- Exercise aim -
Transcribe nothing but the lines from the one with "14K Rose Gold" to the end of the entries, both included, keeping each exact and leaving every picture out.
____ Supplied material
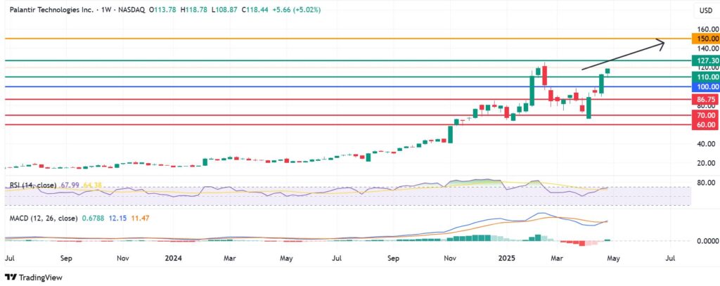The daily chart shows that the PLTR stock price has been in a strong bearish trend for months. It remains below the descending trendline shown in purple. The Relative Strength Index (RSI) indicator reading is at 67.99 on the weekly chart, affirming bullish control. Also, MACD is tilting upwards and is above the signal line.
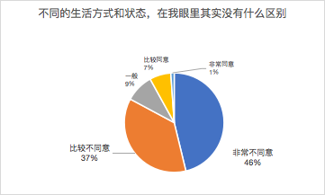 人们普遍非常关注不同的生活方式和状态,超过83%的人,不同意“不同的生活方式和状态间没有差别”。
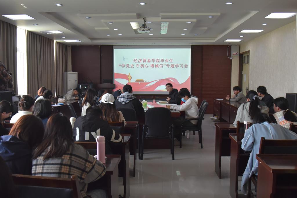 为做好资助政策宣传工作和毕业生国家助学贷款还款工作,通过学习党史故事,培养贷款毕业生诚信理念,4月9日上午,在学院3501会议室召开“学党史 守初心 增诚信”专题学习会,院党委副书记王鹏,院学工办负责人李振宇以及2017级全体贷款毕业生参加了此次会议。会议由毕业班辅导员王秋瑾主持。
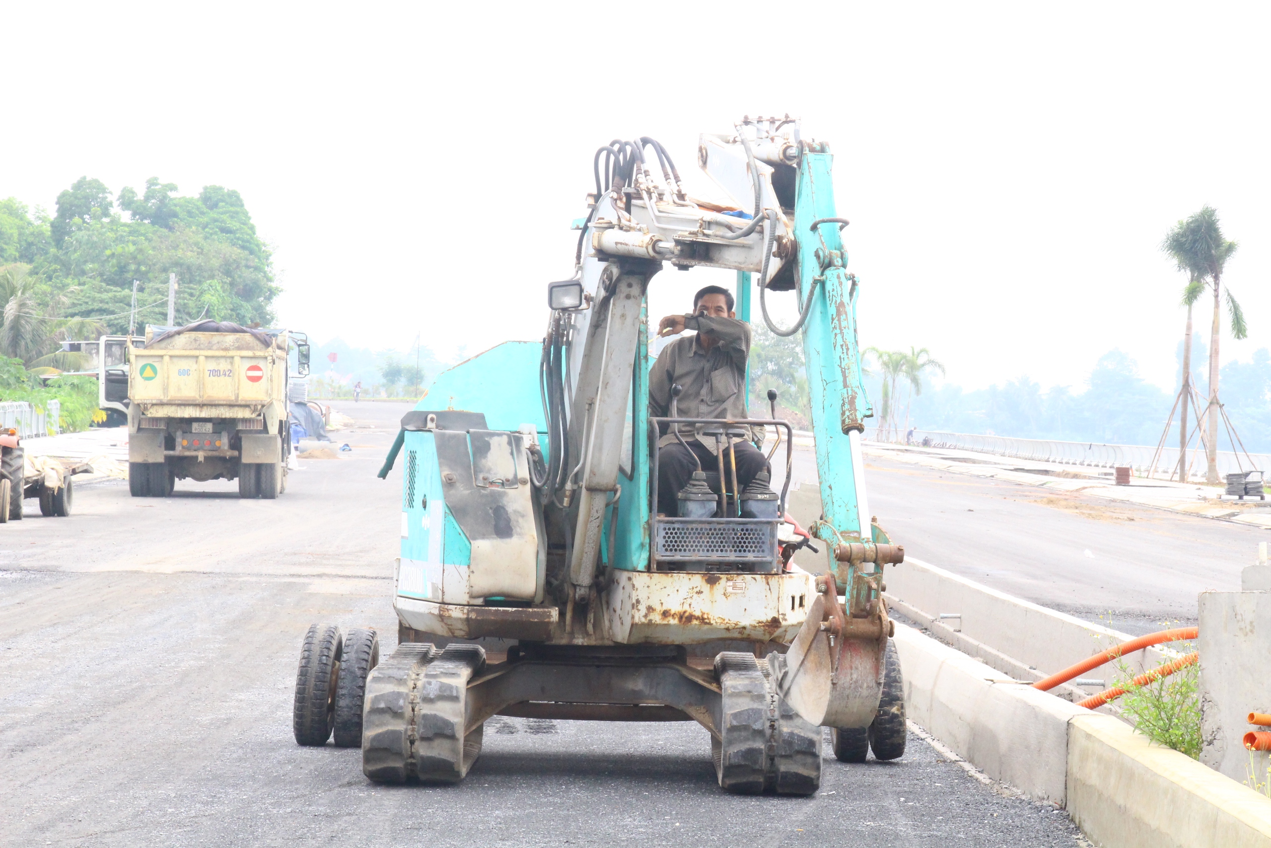 Ở nhiều đoạn tuyến, các hạng mục thi công như đào đắp đất, cấp phối đá dăm, trải vải địa kỹ thuật, thi công mặt đường… đang được hoàn thiện. Đặc biệt, đoạn giữa tuyến đến gần khu vực nhà lầu Ông Phủ đã được thảm nhựa, xây dải phân cách cứng, trồng hoa, cỏ tạo điểm nhấn cảnh quan.
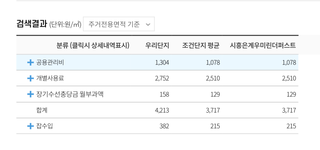관리비 비교 분석
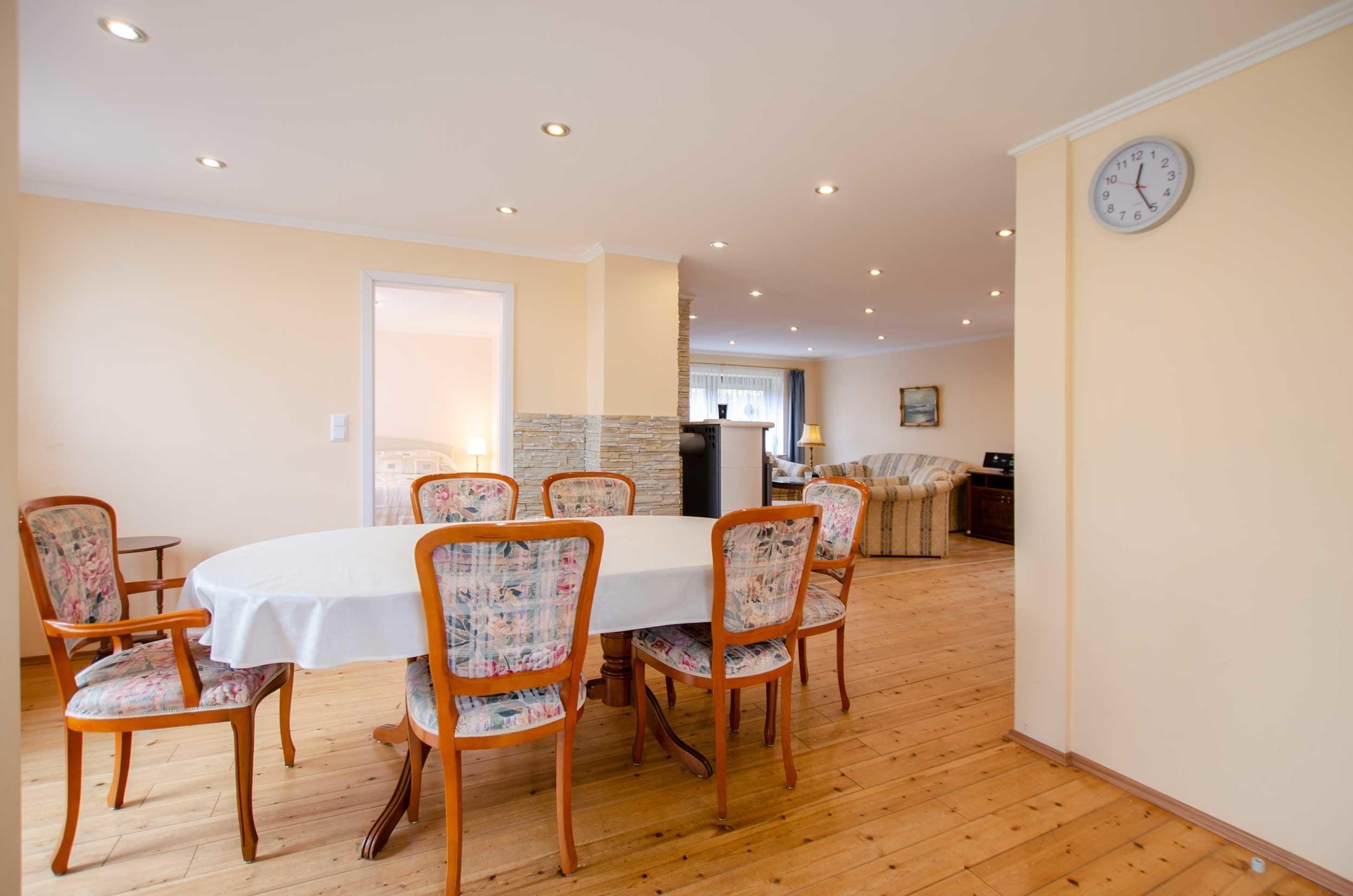Sie betreten die Ferienwohnung in den großzügigen, hellen Wohnbereich.
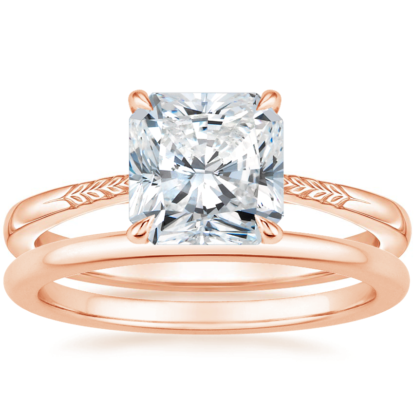 14K Rose Gold Laurel Engraved Ring with Petite Comfort Fit Wedding Ring
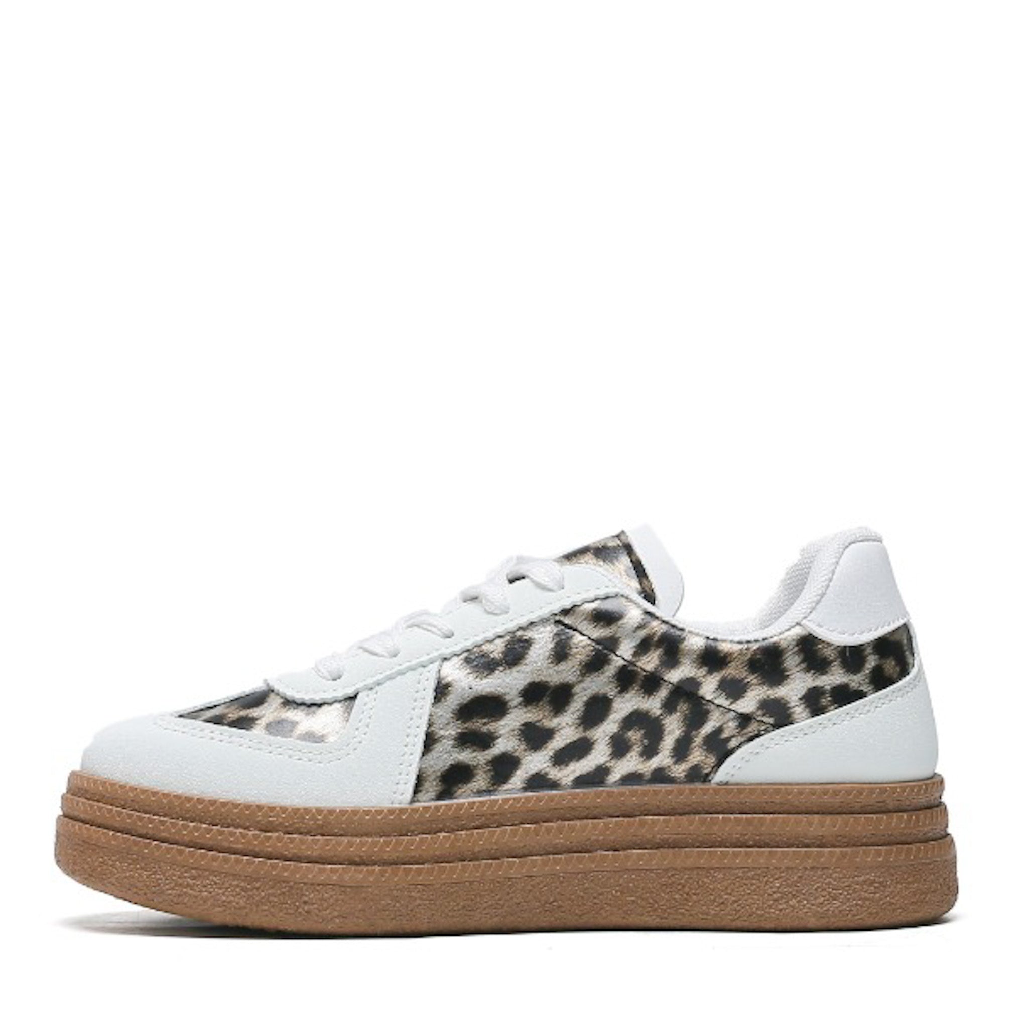 Die Turnschuhe sind aus Lederimitat gefertigt. Die robuste Sohle bietet hervorragenden Grip auf verschiedenen Untergründen, so dass Sie sicher laufen können. Die Leoparden-Print-Details verleihen dem klassischen weißen Design einen Hauch von Wildheit und machen diese Turnschuhe zu einem echten Blickfang.
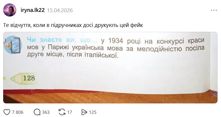 Водночас цей міф досі живе у публічному просторі: користувачі Threads поділилися прикладами зі шкільних підручників, де й нині можна натрапити на згадки про неіснуючий "конкурс у Парижі" та вигадане місце української мови.
________
- The answer -
 14K Rose Gold Laurel Engraved Ring with Petite Comfort Fit Wedding Ring
 Die Turnschuhe sind aus Lederimitat gefertigt. Die robuste Sohle bietet hervorragenden Grip auf verschiedenen Untergründen, so dass Sie sicher laufen können. Die Leoparden-Print-Details verleihen dem klassischen weißen Design einen Hauch von Wildheit und machen diese Turnschuhe zu einem echten Blickfang.
 Водночас цей міф досі живе у публічному просторі: користувачі Threads поділилися прикладами зі шкільних підручників, де й нині можна натрапити на згадки про неіснуючий "конкурс у Парижі" та вигадане місце української мови.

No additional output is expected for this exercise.